I am writing my annual IWD letter on the plane to Singapore – my first trip back since making the tough decision to relocate to Sydney late last year for family reasons.
As I sit, ponder and write, I reflect on the morning that I have just had – a reminder of the constant juggling act that at least I experience as a woman in business and that I am sure many others in my position do too. I started my business as a young mother because of the glass ceiling I encountered in corporate Australia. And, while my daughters are teenagers now and far more independent, the demands of a growing business and the important stage that they are both at with their schooling means the juggling act required to keep all the balls up in the air without dropping one is even more intense than ever before!
Standing at the Qantas counter waiting for all my documents to be checked (COVID vaccination certificate, negative PCR test, VTL documentations etc) I received a call from one of my daughters in tears, deeply distressed that I was travelling again. It has been close to 2.5 years since I have travelled leaving my daughters, whereas once upon a time it was a regular occurrence. It has never been easy, but it was part of our life. And we now need to get used to it again as borders open and business continues to grow.
Trying to calm my daughter on the phone in front of airport officials and people waiting behind me impatiently in the line, I was then told that I was missing a form and would have to move to the side to fill it in before I could go any further. Trying hard not to panic that I now had to fill in a long online form that I had missed, and close to tears myself while comforting my daughter, feeling guilty that my business demanded me to travel, I was reminded that there is a delicate line that you need to walk in business as a woman – and it never seems to get easier.

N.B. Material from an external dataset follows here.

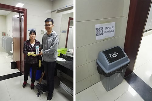支部党员还向公司保安和保洁人员表达了谢意,感谢他们的辛勤劳动,为大家创造了良好的工作、学习环境。在交流过程中吴阿姨说向我们反映,有些同学为图方便,随手将垃圾丢在垃圾桶的周围。针对这一情况,支部成员在垃圾箱旁边贴上了文明提示语,提醒同学们注意环境卫生,尊重他人的劳动成果,减轻保洁人员的工作负担。
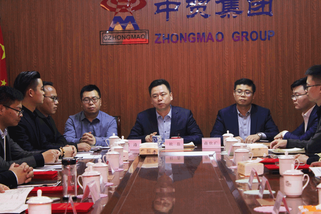 (左一山東公司總經(jīng)理張濤、左二中貿(mào)集團(tuán)董事長(zhǎng)杜磊、左三中貿(mào)集團(tuán)總裁蔣仕廣)

In the lead-up to getting ready to travel for an extended period, there are the never-ending lists and logistics. There is the planning around the girls: which house will they stay at (their Dad’s or mine, and what days), do they have all the different uniforms (between the two of them, there are five different ones!) required ironed and ready to go for while I am away, and the list goes on. There are multiple lists that I constantly have running in my head or on my phone – and let’s not forget the 3am thoughts, such as I haven’t yet booked in parent-teacher interviews, must do that in the morning. And on top of that, there are the numerous business to-do lists – and clearly, I missed the memo about that one form I needed to fill in! It is a lot.
So this International Women’s Day, I want to acknowledge fellow female founders who should be celebrated for the extraordinary bravery and courage that they show every day by pushing the boundaries and breaking down barriers despite the demands on us as women.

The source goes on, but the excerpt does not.